Retype the lines from the one containing "有注意到旁邊有個綠色的S.T.C.S燈號 , 亮起的時候代表可省油" through the last line of the entries below, exactly and in full, omitting every image.
== Segment start ==
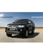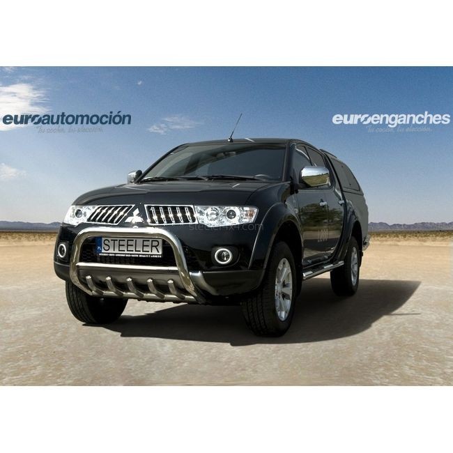 Defensa delantera negra CE con traviesa central y protección de bajos con tubos para MITSUBISHI L200 Cabina club 2006-2010
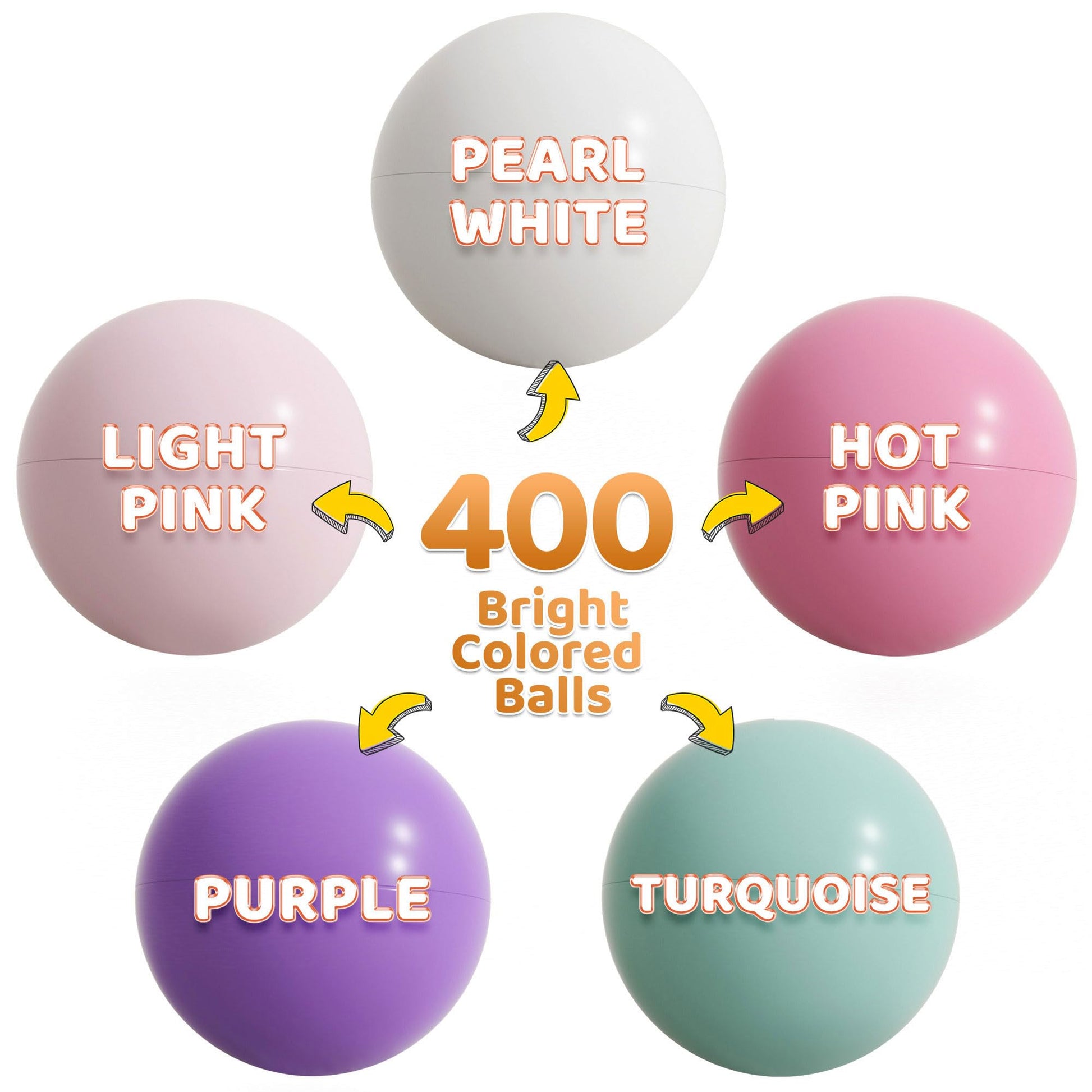 - Q: What colors do the play balls come in? A: These play balls come in five bright and attractive colors: white, pink, light pink, purple, and aqua, making them visually appealing for children.
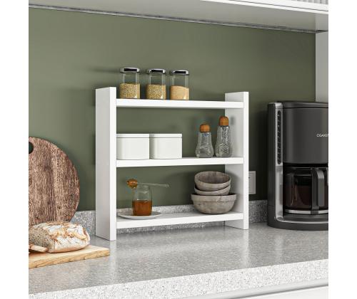 With its modern design and clean lines, this Kitchen Shelf will instantly elevate the look of your kitchen. The crisp white color will blend seamlessly with any decor, giving your space a fresh and polished feel.
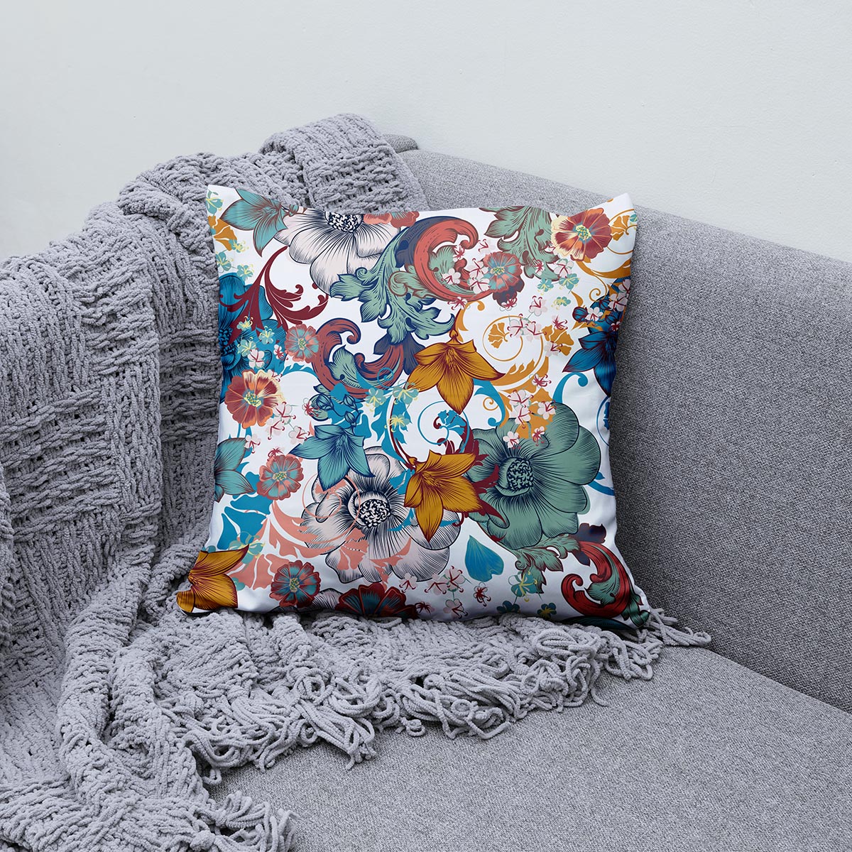 Poduszka dekoracyjna – kwiatowy ogród z ornamentami
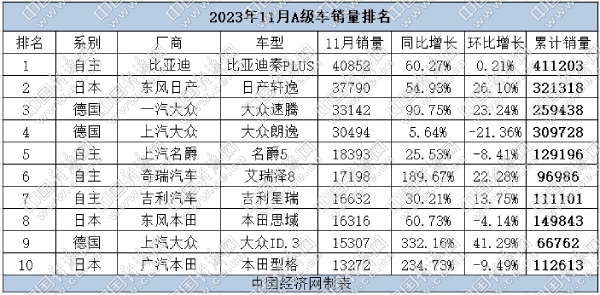11月,丰田系在A级车市场遭遇挫折,卡罗拉和雷凌分别销售9641辆和7442辆,同环比均出现两位数以上的下滑,双双跌出榜单。有业内人士表示,“随着自主品牌在纯电和插电式混动市场的发力,丰田系油电混动车型市场份额逐渐收缩。”
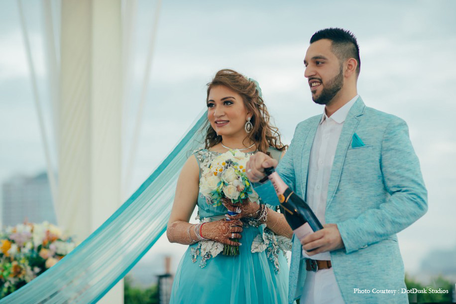 “Rahul had planned two proposals. The first was at Guru Darbar in Jebel Ali, a place that we call heaven in Dubai and try to go to at least once a week. The second was when he chartered a seaplane and took me around Dubai for around 30 minutes making me fall in love with the city and him all over again. Dubai is where we were born and raised. It was such a great feeling to see our city from that perspective. Upon landing, he had his groomsmen, and my bridesmaids hold individual letter balloons that spelt, ‘Will you marry me? This entire day was a big surprise.”
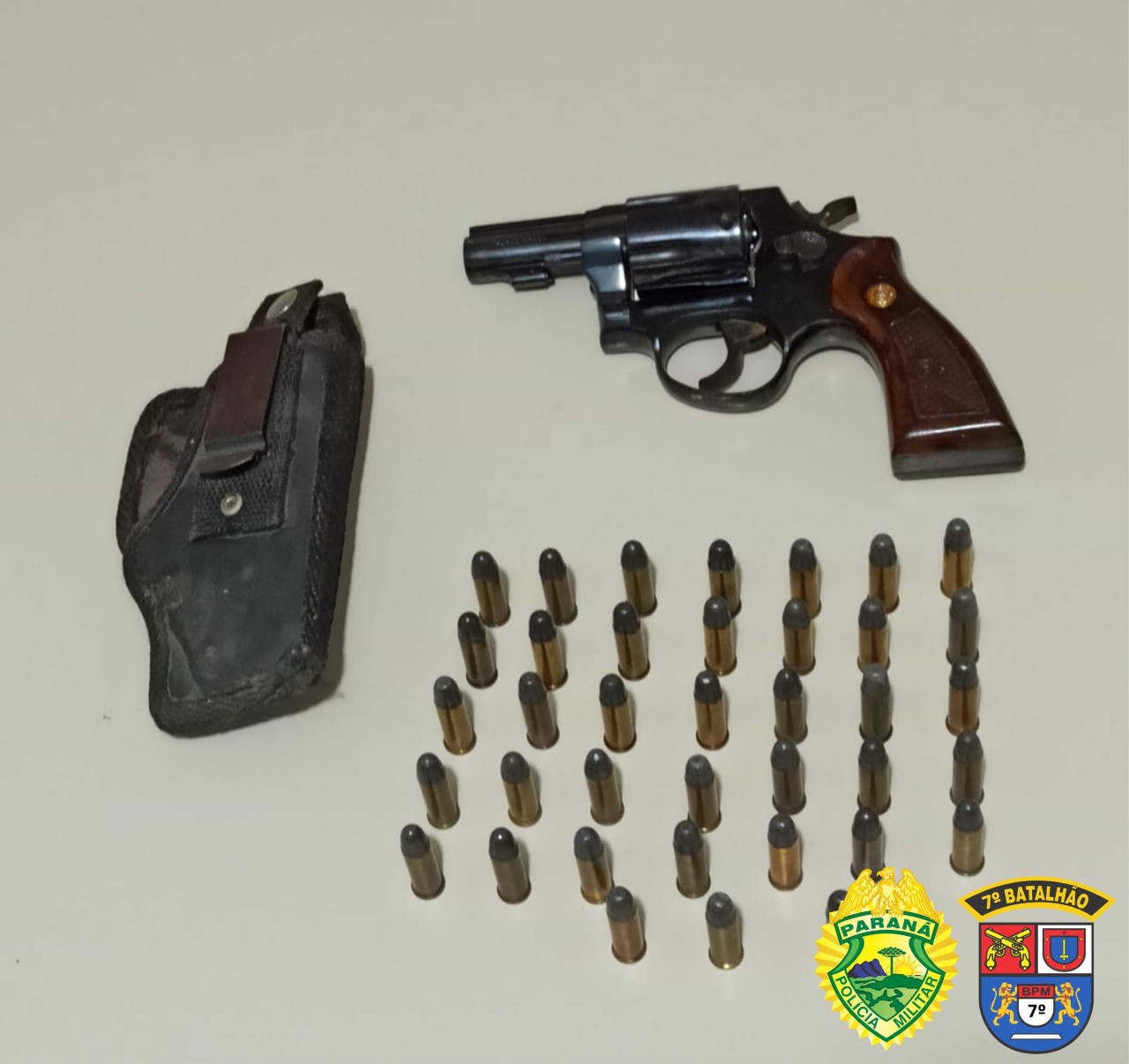 Os policiais passaram a realizar diligências e em conversa com a irmã, ela disse que a arma estava com a mãe e que ela entregaria a arma, o que aconteceu. Foi apreendido um revólver calibre 38, carregado com 6 munições intactas e outras 32 munições do mesmo calibre.
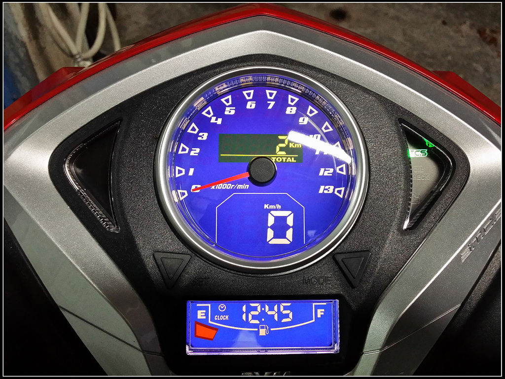 有注意到旁邊有個綠色的S.T.C.S燈號 , 亮起的時候代表可省油 , 節能 , 暗掉時代表輸出較大的動力(相對就沒那麼省油)
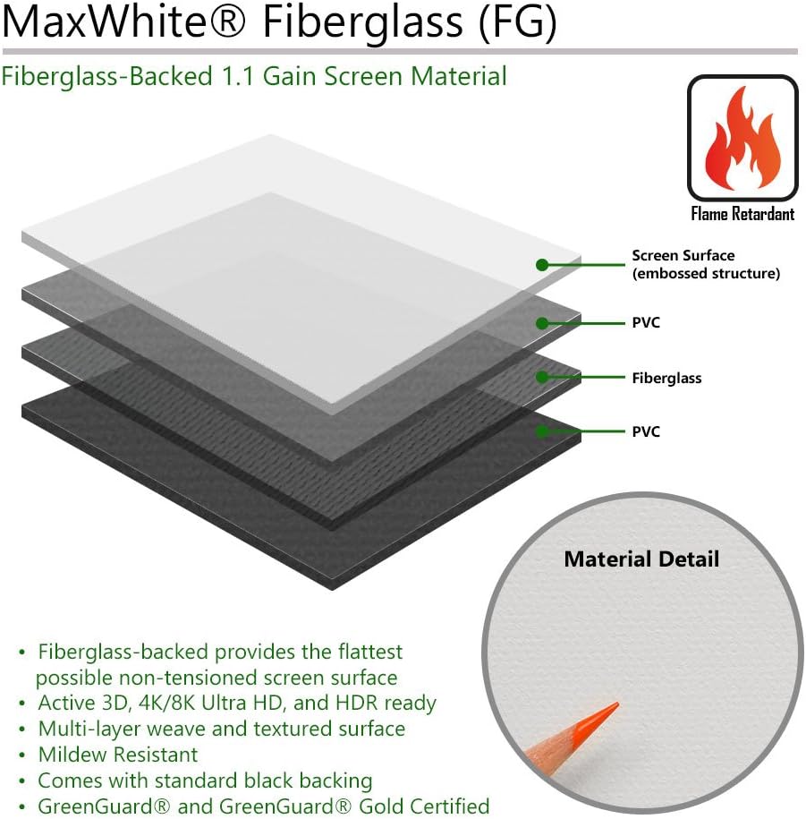 - Screen Material: MaxWhite FG, 1.1 Gain. Fiberglass-backed, 180 degree wide viewing angle, fully black backed front projection screen with textured surface. 4K Ultra HD and Active 3D Projection Ready. GreenGuard and GreenGuard GOLD,Easy to clean with mild soap and water.
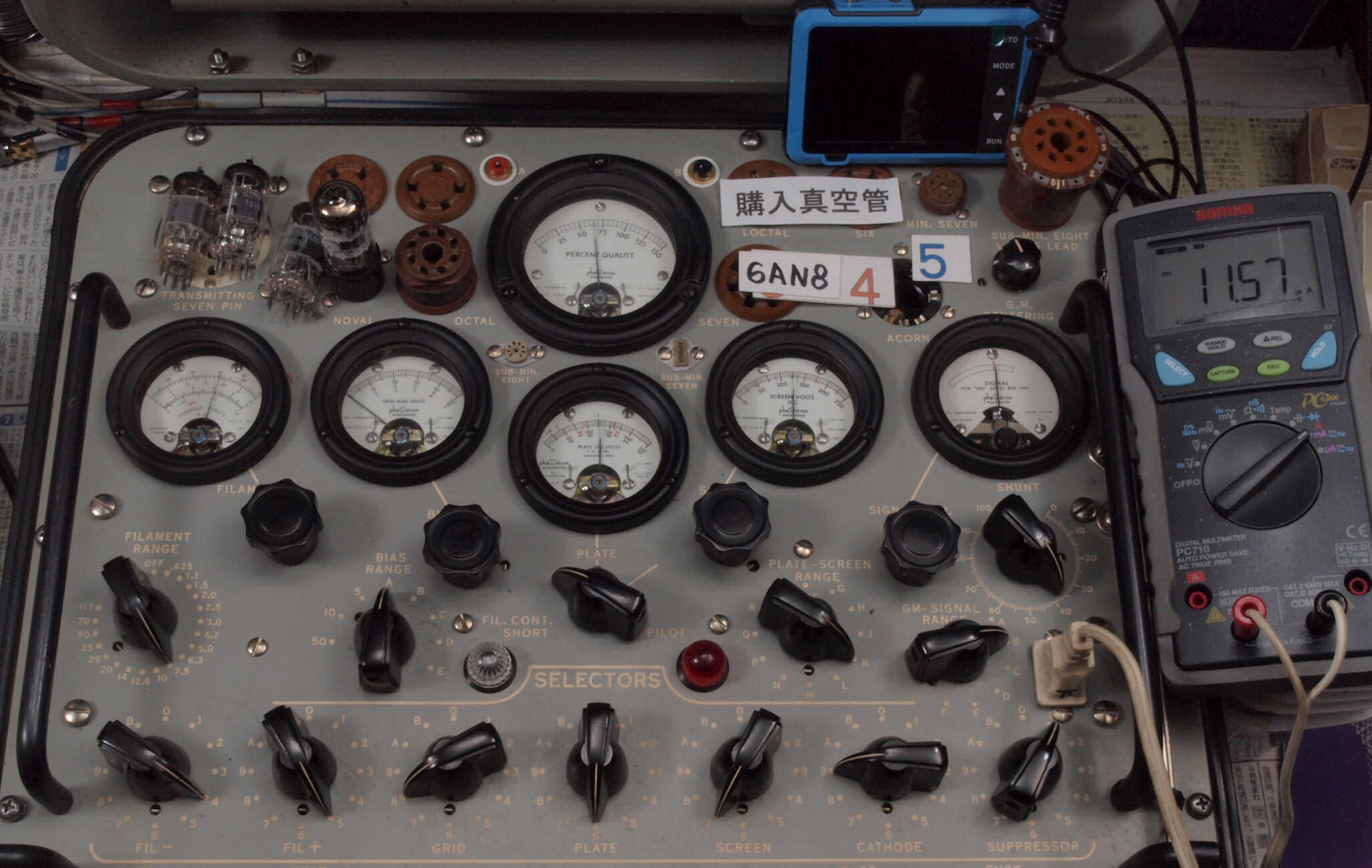 | A11. 付属真空管 6AN8 三極部。 Gm測定=5500μmho、Ip=20.4mA。 測定条件、「Ep=Esg=125V、Eg1=−2V、Ip=15mA」、Cレンジ=7500μmhoレンジでの測定。 |
== Segment end ==
### SOLUTION FOR THIS EXERCISE
 有注意到旁邊有個綠色的S.T.C.S燈號 , 亮起的時候代表可省油 , 節能 , 暗掉時代表輸出較大的動力(相對就沒那麼省油)
 - Screen Material: MaxWhite FG, 1.1 Gain. Fiberglass-backed, 180 degree wide viewing angle, fully black backed front projection screen with textured surface. 4K Ultra HD and Active 3D Projection Ready. GreenGuard and GreenGuard GOLD,Easy to clean with mild soap and water.
 | A11. 付属真空管 6AN8 三極部。 Gm測定=5500μmho、Ip=20.4mA。 測定条件、「Ep=Esg=125V、Eg1=−2V、Ip=15mA」、Cレンジ=7500μmhoレンジでの測定。 |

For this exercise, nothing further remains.